It has been over a decade since Martin Margiela has walked the fashion streets. The founder of Maison Martin Margiela, now Maison Margiela, a luxury French fashion house, quit from his own company in 2009 to anonymously pursue art, both painting and sculpting, or so people think. Throughout his twenty year career, Martin had a presence like no other. His theatrical shows and avant-garde taste brought a new light to the fashion industry.
So who exactly is this Martin Margiela? Here’s a little backstory.
Martin Margiela was born in 1957, in Genk, Belgium. He studied fashion at the renowned Royal Academy of Fine Arts Antwerp during the years 1977 to 1980, an institution with notable alumni including Dries Van Noten, Ann Demeuelemeester, among many others. His taste in fashion was always out of the ordinary, unconventional, and strayed from tradition. In 1985, Margiela landed a job as design assistant to Jean Paul Gaultier in Paris, up until 1987. From his tremendous experience gained at school and work, he created his own fashion house, Maison Martin Margiela in 1988 alongside his business partner Jenny Meirens.
As his career began to flourish, Margiela made it clear that he was never an admirer of the media. He refused to be photographed, greet guests backstage, or even take part in interviews. Interestingly, some of the interviews he took part in were conducted via fax and later email. During such interviews, he responded to answers using “we” rather than “I” pronouns. Some even rumoured that Margiela sat in the audience of his own shows in a disguise. He rejected the idea of fame. He made it clear from the beginning that he wanted the clothing to speak for itself, after all, that is the purpose of a fashion show.
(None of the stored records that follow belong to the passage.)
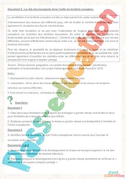 4- Montrez quelles améliorations le développement du réseau de transport apporte à la vie des Européens (deux éléments de réponse attendus).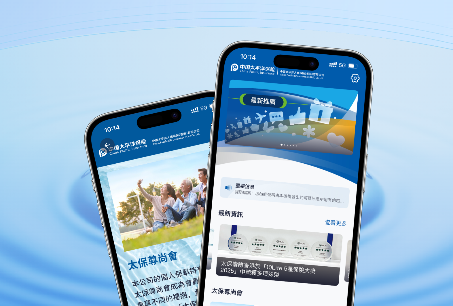 中國太平洋人壽保險(香港)有限公司(「太保壽險香港」)以「打造客戶體驗最佳的香港人壽保險公司」為願景,致力為香港市場提供最佳的健康及養老解決方案。本公司堅持以客戶需求為導向,圍繞健康、財富和養老三大核心需求,持續升級「產品 + 服務」金三角體系,為客戶提供中國太保「責任、智慧、溫度」的服務與體驗。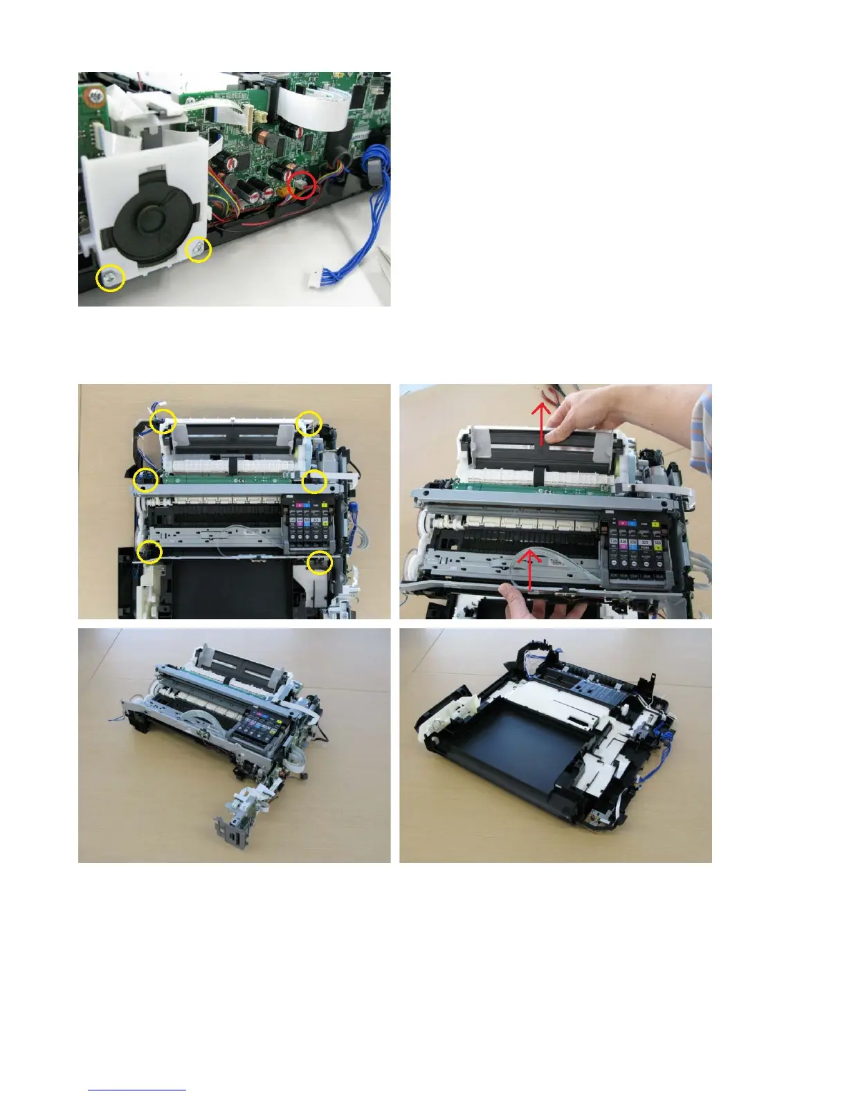 5) Remove the printer unit. (6 screws)

At the 2018 Belgian Fashion Awards, in which he was to be honoured for his career, he issued the following statement: “I felt that I could not cope any more with the worldwide increasing pressure and the overgrowing demands of trade. I also regretted the overdose of information carried by social media, destroying the ‘thrill of wait’ and cancelling every effect of surprise, so fundamental for me.” Margiela felt as though social media took away the excitement and adrenaline that new collections would bring in the fashion realm. He took his unconventional yet extraordinary ideas even further, by hosting fashion shows in mysterious and remote locations. He followed the less-traditional route, with some venues being a warehouse, the metro, kids playground, among many others.
Margiela’s most notable shows include:
Maison Martin Margiela Spring/Summer 1993
A combination between minimalism and romantic Victorian accents, this show was filled with petticoat-style skirts and pieces of greenery tied to models like a necklace. Margiela created two versions of the collection, one in black and one in white, both which took place on opposite ends of the Montmartre Cemetery in Paris. Guests were given colour coded invitations that were in either black or white, and if you showed up to the wrong show, you were denied access.
Maison Martin Margiela Fall 1995
The face masks and pop of colour, were among the highlights of the night. The show was held in a big top tent in the Bois de Boulogne in Paris, with rose-tinted lighting and sawdust sprinkled on the floor.
Maison Margiela Fall 2000
For this show, Margiela revitalized the idea of oversized clothing. Each piece was designed to be enlarged by 150-200 percent, and carefully crafted to shape the silhouettes of models. Exaggerated shoulders and an elegant sculptural look were fundamental to the show. It was set in an abandoned train surrounded with eerie music, being named one of Margiela’s most iconic atmospheres.
Margiela always had a drive for creating clothing using a more sustainable approach. This included methods such as re-using and altering garments and materials from previous shows, or creating something new from vintage pieces. His clothing was also often classified as ‘deconstructed’ through the open stitched seams that were made visible, tears and rips, all to represent and beautify imperfections. Margiela enjoyed taking things apart and creating something unique and beautiful out of them. He seeked inspiration from furniture, construction sights, and anything from his surrounding environment.
Margiela was definitely an inspiration to many and his retirement from the fashion industry was nothing short of devastating. However, with his new documentary, “Martin Margiela: In His Own Words,” we are given a glimpse into Margiela’s original sketches, the history behind his unique fashion shows, and the impact he left on the fashion industry, all while remaining hidden from the camera. While this documentary allowed us to see more of the creative genius himself, it left us with one question, is Martin Margiela coming back to the fashion industry. The director of the film, Reiner Holzemer asked Margiela a simple question, “Have you said everything you wanted to say in fashion?”, to which Margiela responded “No.” While this does not mean he may come back with new fashion designs, who knows, all we can do is sit back, wait, and admire his previous creations.